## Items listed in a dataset
*****

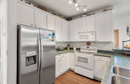 Shallowbag Bay 704 is a newly remodeled condo situated in the exclusive waterfront community of Shallowbag Bay Club. The end-unit layout offers more privacy and natural light along with panoramic views of the picturesque surroundings. When you arrive, skip the stairs and use the building elevator to send up your luggage and groceries. You'll enter into a comfortably furnished, open-concept great room that includes a wet bar with wine fridge and access to a covered deck overlooking the marina. Hardwood floors and tile flow throughout this entire dog-friendly condo, even in the bedrooms - you won't find any carpet here! Get dinner started in the fully stocked kitchen with plenty of prep space and a peninsula with bar seating. The dining area leads out to a screened porch that connects to a deck accessed by the two secondary bedrooms. The primary suite provides access to the marina-facing deck and includes an updated private bath with spacious walk-in shower.
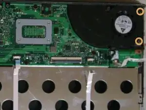 Отверните два винта PH00, удерживающие вентилятор охлаждения.
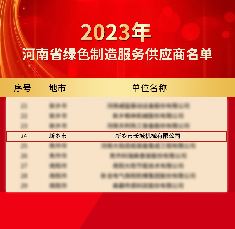 近期,河南省第一批綠色制造服務(wù)供應商評審結(jié)果進行公示,新鄉(xiāng)長城成功上榜!這是新鄉(xiāng)長城在綠色低碳發(fā)展領(lǐng)域獲得的又一殊榮。
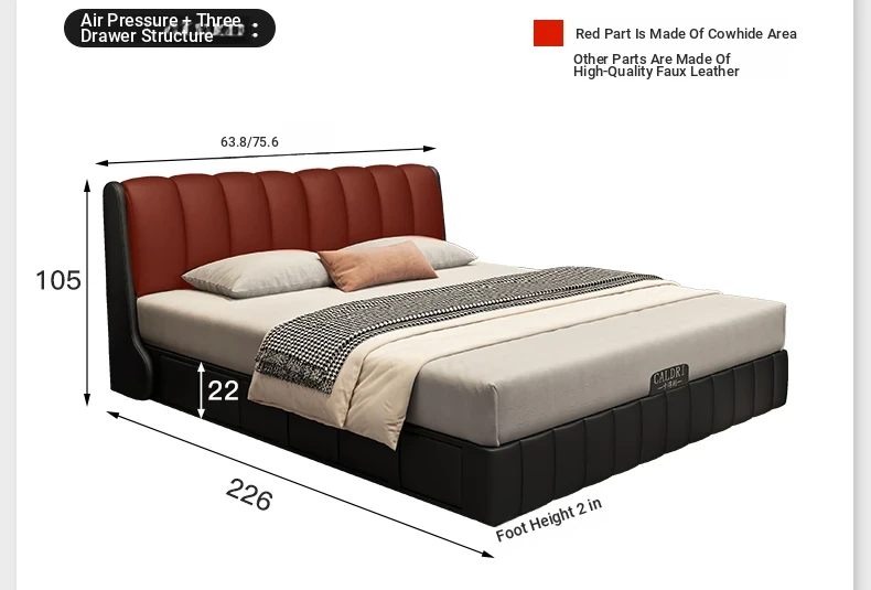 Deluxe Edition: Leather Bed [16-row Steel Wooden Row Skeleton + First Layer Calfskin] + Bedside Table * 1
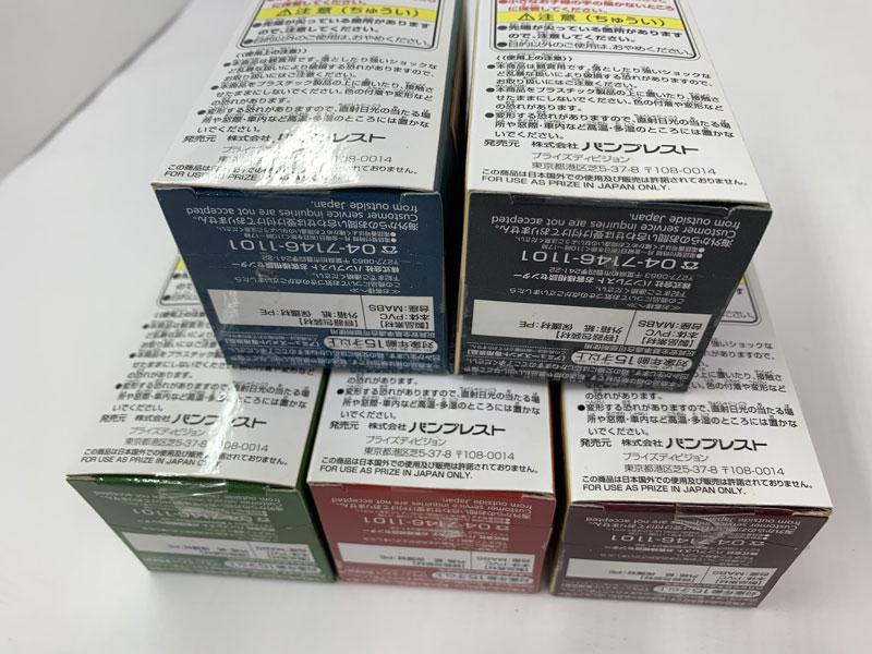 箱にヤケやイタミ、ヤブレやヨゴレが見られます。予めご了承ください。いずれも未開封品ですが、アミューズメント景品ですので、アーム爪痕、落とし痕、テープの多重貼りや、メーカー検品による二度貼り、版権シールのズレや、一部剥がれ等が見られる場合があります。美品をお求めの方、キズや汚れ等の状態を気にされる方のご購入はご遠慮ください。あくまで中古現状品の為、神経質な方はご遠慮ください。箱、ブリスター等の状態は保証いたしかねます。国内正規品。対象年齢 15歳以上。
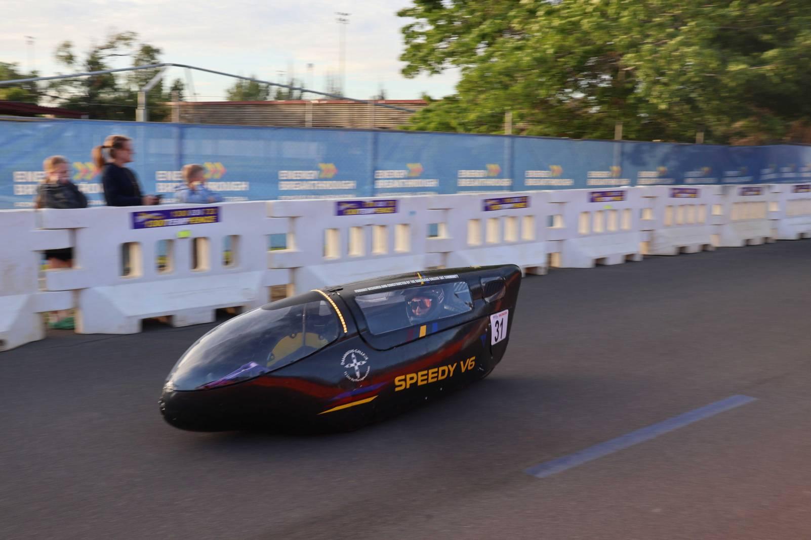 Recycled and refined from last year’s model, Speedy V6 underwent significant upgrades to improve efficiency and reduce weight. The team delivered an impressive performance, experiencing only minor mechanical issues and one rollover (with no injuries). In fact, the machine even exceeded the track’s 60 km/h speed limit a few times!
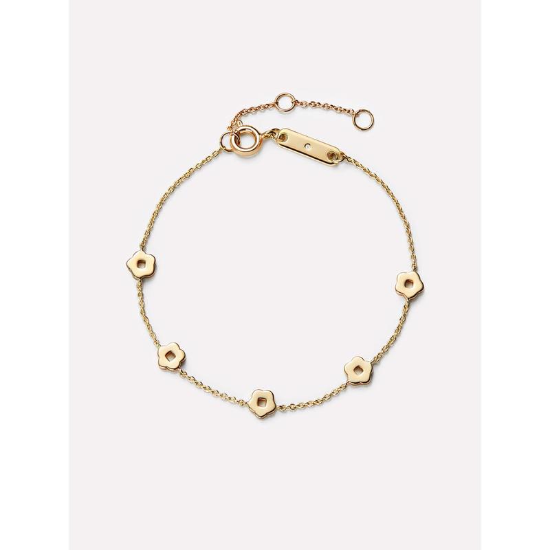 Discover a limited edition, contemporary twist on antique Chinese coins with our iconic squared cutout gold flower bracelet. Crafted with precision and style, this stationary bracelet radiates elegance without the need for additional adornments. Embrace the positive and chic vibe with this feminine gold chain bracelet, perfect for pairing with gold hoop earrings, a solid color V-neck blouse, and your favorite pair of straight jeans.
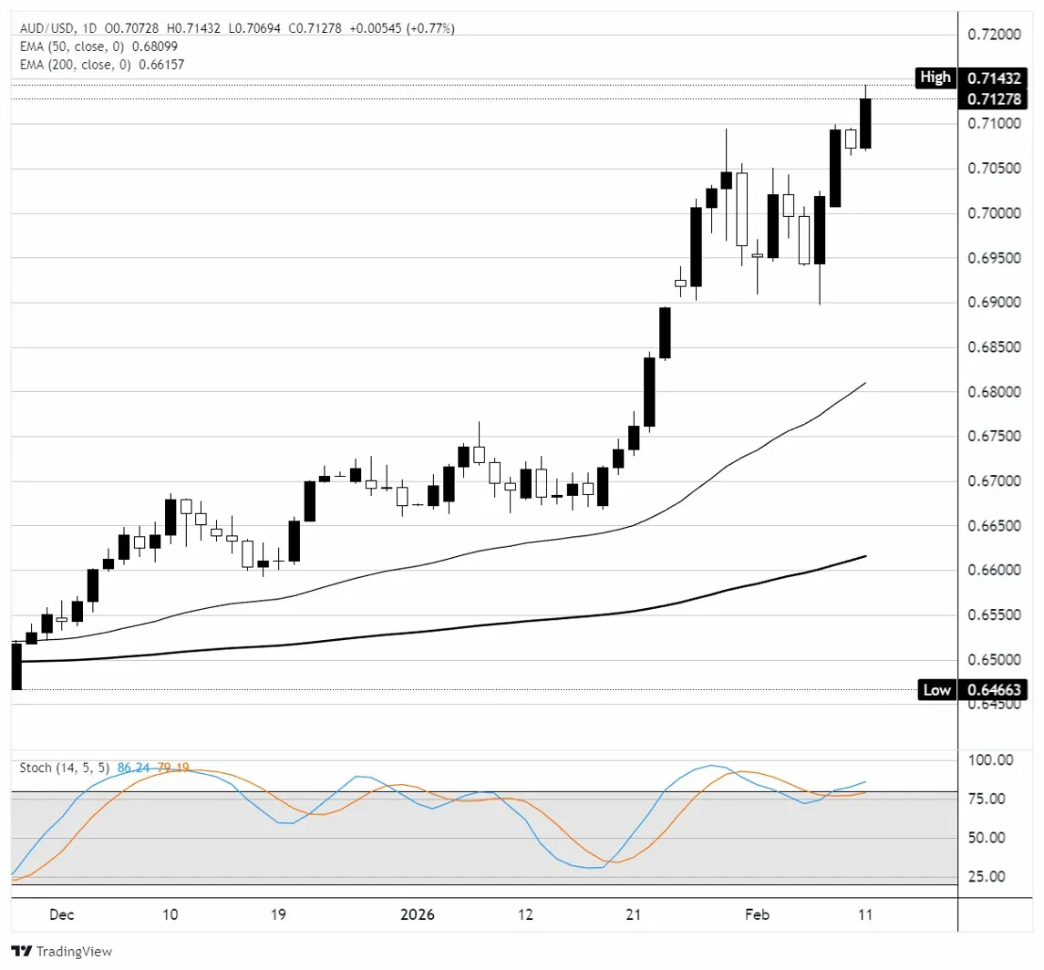 在周三,澳元飙升至自2022年8月以来的最高水平,此前延迟发布的美国非农就业人数(NFP)报告显示,新增就业人数强于预期,达到13万人,远高于70,000的共识,尽管2025年非农就业数据大幅下调(仅2025年3月就下调了89.8万人),使整体劳动力市场的前景显得疲弱。市场解读基准修订为更深层次经济放缓的确认,导致美元下跌,2025年的平均月新增就业人数从之前报告的49,000下调至仅15,000。 标题:美国非农就业数据超预期,澳元/美元猛涨至高位
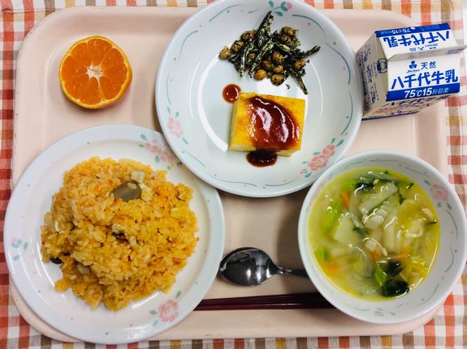 キャロットライス、オムレツ、のり塩いりこビーンズ、ABCスープ、みかん
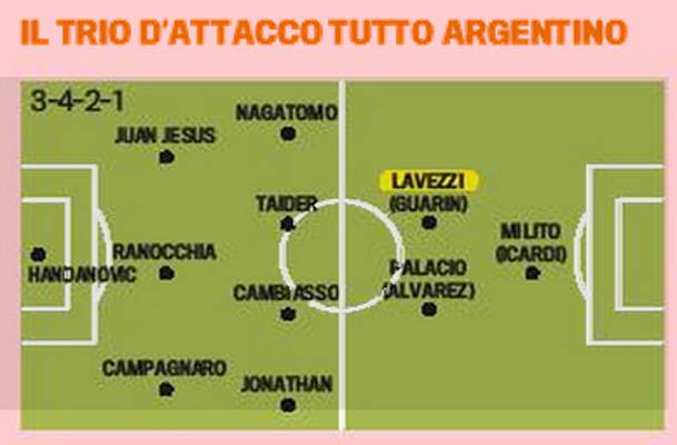 CALCIOMERCATO INTER LAVEZZI MAZZARRI – Walter Mazzarri vorrebbe un rinforzo per l’attacco e nel mirino sembra esserci Ezequiel Lavezzi, attaccante argentino del Psg, giocatore che ha già lavorato con Mazzarri a Napoli e ha fatto tante cose buone. Difficile però arrivare al Pocho, vuoi perché il Psg lo ha pagato circa 30 milioni di euro, vuoi perché ha un ingaggio importante. Ma se l’affare dovesse andare in porto l’Inter potrebbe avere un attacco atomico con Milito (se recuperato) o Icardi unica punta, con Lavezzi e Palacio dietro di lui. Insomma un tridente che farebbe sicuramente piacere all’allenatore toscano. Ecco la foto della Gazzetta dello Sport.
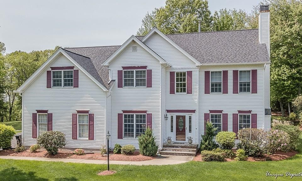 Welcome to North Andover Estates. This beautiful colonial has one of the best lots in the subdivision. Beautiful gardens and a timber wall. Enter into the two story foyer. Home office. Living/Dining room have thick crown molding and are open to each other, great for expansive entertaining. Eat-in kitchen has center island with cooktop, granite counters, double sink, pantry, and stainless steel appliances. Kitchen is open to a step down family room with a fireplace, soaring cathedral ceiling and skylight. Upstairs there is a large master suite with walk in closet, sitting area and full bath with a jacuzzi style tub and double sinks. Three additional good size bedrooms with double closets. Finished lower level playroom and media room. Great neighborhood and convenient location.

*****

## Aim of the exercise
Write out the data precisely as given, excluding the pictures.

## Answer below
 Shallowbag Bay 704 is a newly remodeled condo situated in the exclusive waterfront community of Shallowbag Bay Club. The end-unit layout offers more privacy and natural light along with panoramic views of the picturesque surroundings. When you arrive, skip the stairs and use the building elevator to send up your luggage and groceries. You'll enter into a comfortably furnished, open-concept great room that includes a wet bar with wine fridge and access to a covered deck overlooking the marina. Hardwood floors and tile flow throughout this entire dog-friendly condo, even in the bedrooms - you won't find any carpet here! Get dinner started in the fully stocked kitchen with plenty of prep space and a peninsula with bar seating. The dining area leads out to a screened porch that connects to a deck accessed by the two secondary bedrooms. The primary suite provides access to the marina-facing deck and includes an updated private bath with spacious walk-in shower.
 Отверните два винта PH00, удерживающие вентилятор охлаждения.
 近期,河南省第一批綠色制造服務(wù)供應商評審結(jié)果進行公示,新鄉(xiāng)長城成功上榜!這是新鄉(xiāng)長城在綠色低碳發(fā)展領(lǐng)域獲得的又一殊榮。
 Deluxe Edition: Leather Bed [16-row Steel Wooden Row Skeleton + First Layer Calfskin] + Bedside Table * 1
 箱にヤケやイタミ、ヤブレやヨゴレが見られます。予めご了承ください。いずれも未開封品ですが、アミューズメント景品ですので、アーム爪痕、落とし痕、テープの多重貼りや、メーカー検品による二度貼り、版権シールのズレや、一部剥がれ等が見られる場合があります。美品をお求めの方、キズや汚れ等の状態を気にされる方のご購入はご遠慮ください。あくまで中古現状品の為、神経質な方はご遠慮ください。箱、ブリスター等の状態は保証いたしかねます。国内正規品。対象年齢 15歳以上。
 Recycled and refined from last year’s model, Speedy V6 underwent significant upgrades to improve efficiency and reduce weight. The team delivered an impressive performance, experiencing only minor mechanical issues and one rollover (with no injuries). In fact, the machine even exceeded the track’s 60 km/h speed limit a few times!
 Discover a limited edition, contemporary twist on antique Chinese coins with our iconic squared cutout gold flower bracelet. Crafted with precision and style, this stationary bracelet radiates elegance without the need for additional adornments. Embrace the positive and chic vibe with this feminine gold chain bracelet, perfect for pairing with gold hoop earrings, a solid color V-neck blouse, and your favorite pair of straight jeans.
 在周三,澳元飙升至自2022年8月以来的最高水平,此前延迟发布的美国非农就业人数(NFP)报告显示,新增就业人数强于预期,达到13万人,远高于70,000的共识,尽管2025年非农就业数据大幅下调(仅2025年3月就下调了89.8万人),使整体劳动力市场的前景显得疲弱。市场解读基准修订为更深层次经济放缓的确认,导致美元下跌,2025年的平均月新增就业人数从之前报告的49,000下调至仅15,000。 标题:美国非农就业数据超预期,澳元/美元猛涨至高位
 キャロットライス、オムレツ、のり塩いりこビーンズ、ABCスープ、みかん
 CALCIOMERCATO INTER LAVEZZI MAZZARRI – Walter Mazzarri vorrebbe un rinforzo per l’attacco e nel mirino sembra esserci Ezequiel Lavezzi, attaccante argentino del Psg, giocatore che ha già lavorato con Mazzarri a Napoli e ha fatto tante cose buone. Difficile però arrivare al Pocho, vuoi perché il Psg lo ha pagato circa 30 milioni di euro, vuoi perché ha un ingaggio importante. Ma se l’affare dovesse andare in porto l’Inter potrebbe avere un attacco atomico con Milito (se recuperato) o Icardi unica punta, con Lavezzi e Palacio dietro di lui. Insomma un tridente che farebbe sicuramente piacere all’allenatore toscano. Ecco la foto della Gazzetta dello Sport.
 Welcome to North Andover Estates. This beautiful colonial has one of the best lots in the subdivision. Beautiful gardens and a timber wall. Enter into the two story foyer. Home office. Living/Dining room have thick crown molding and are open to each other, great for expansive entertaining. Eat-in kitchen has center island with cooktop, granite counters, double sink, pantry, and stainless steel appliances. Kitchen is open to a step down family room with a fireplace, soaring cathedral ceiling and skylight. Upstairs there is a large master suite with walk in closet, sitting area and full bath with a jacuzzi style tub and double sinks. Three additional good size bedrooms with double closets. Finished lower level playroom and media room. Great neighborhood and convenient location.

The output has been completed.